Newcastle woman Katrina-Jane wants to make something clear. Yes, she makes a living from being a clairvoyant, and yes, she claims to have predicted road accidents, family deaths and to have felt the cancer pain of complete strangers.
But she doesn’t know everything.
“I’m not God, you know. I’m not omnipotent,” she told Mamamia. “I have to tune in. Otherwise you’d go mental just walking down the street, getting bombarded with everything.”
The 49-year-old’s adult son knows this, but still, he enjoys little more than to rib his psychic mum about how she once failed to notice his potentially life-threatening illness. Actually… make that twice.
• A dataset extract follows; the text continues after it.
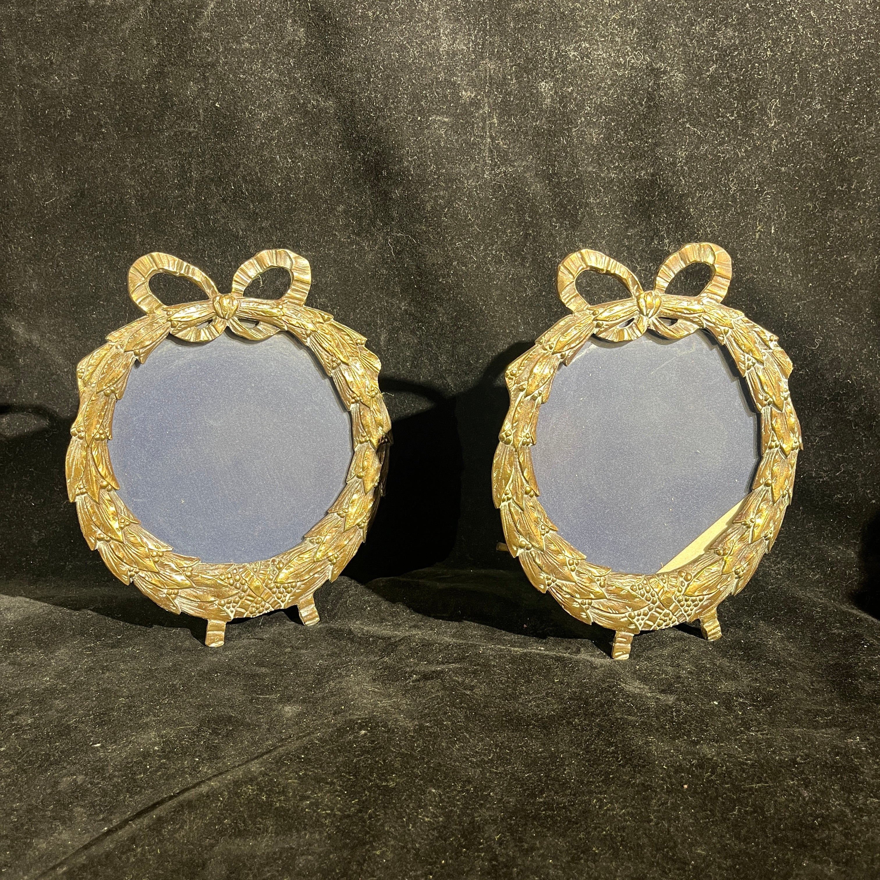 Pareja de bellos portarretratos circulares en bronce con diseño tallado en forma de guirnalda con cinto en su parte superior. Las piezas tienen un vidrio para proteger el retrato y y su parte posterior tiene una pata de sobrio diseño en líneas rectas.
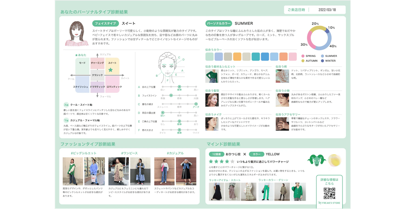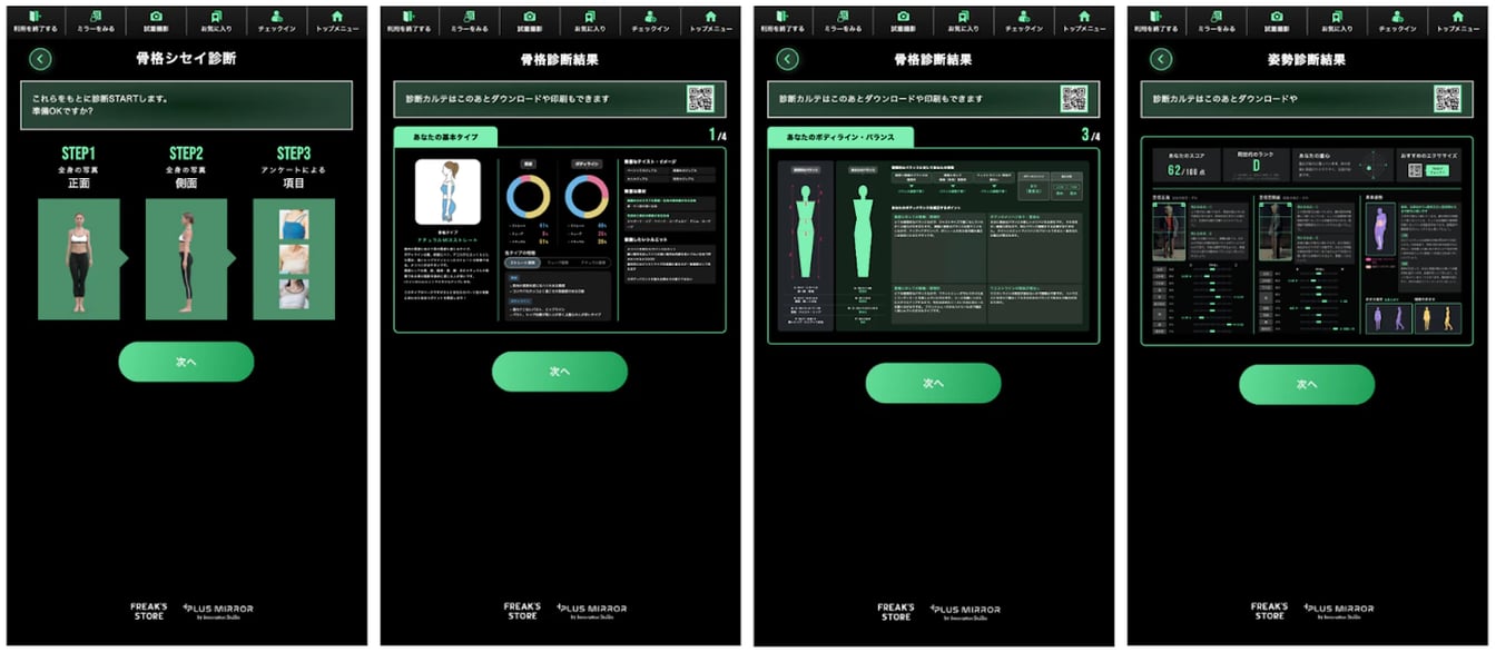 最近では新たに『骨格シセイ診断』機能をリリースしました。一般的には3分類の骨格診断が多いですが、より詳細12タイプに分類にし、さらに一人ひとりの体の特徴に合わせて100人いたら100通りの結果が出てくる超パーソナライズされた診断機能です。パーツごとの特徴やお客様のボディバランスに合わせた着こなしの提案があり、かなり見応えのある内容になっています。

Her boy was just seven, maybe eight, Katrina-Jane recalled, when he developed a cough. There were no other symptoms – no fever, no runny nose – and as he was generally a pretty resilient kid, she sent him off to school each day as normal. But a few days passed, and the cough hadn’t eased.
“After another couple of days, it was worse still, and I went, ‘Oh, I actually think he’s really sick. There’s something wrong here.’ And so I took him to the doctor. The doctor listened to his chest, and said, ‘Your son’s got croup. Rush him to emergency, right now. We need to get him on steroids to try and stop this,'” she said.
Seeing her son lying in the hospital bed a short time later, a drip pierced into his arm, Katrina-Jane felt the guilt take hold.
“You feel bad, so bad. You feel like you are the worst parent in the world. How could I have not picked up that he was sick? And he was so, so sick,” she said.
Listen: Sue Channon talks about what it is like to be a parent of a very sick child and what people can do to make life a little bit better.
Research conducted by Amcal Pharmacy has shown that Katrina-Jane is far from alone in overlooking her son’s ailment. According to the company’s survey, one third of parents reported that they have downplayed their child’s pain because they didn’t realise how serious it was.
“The guilt as a mum when you don’t pick up on something is horrendous,” she said.
Unfortunately, in Katrina-Jane’s case, it happened again seven years later.
“By that stage we had moved out of Sydney and were living on a farm, so I had to drive him to the school bus stop,” she recalled. “I was driving along one morning, and I noticed that he had his hands between his knees and his legs were covered in goosebumps. It was the middle of summer. I just went, ‘Dude, are you alright? Are you cold?'”
When the concerned mother pressed her now-teenage son, he conceded he wasn’t feeling well, that the past couple of nights he’d sweat through his pyjamas. A visit to the doctor and a chest X-ray revealed he had pneumonia.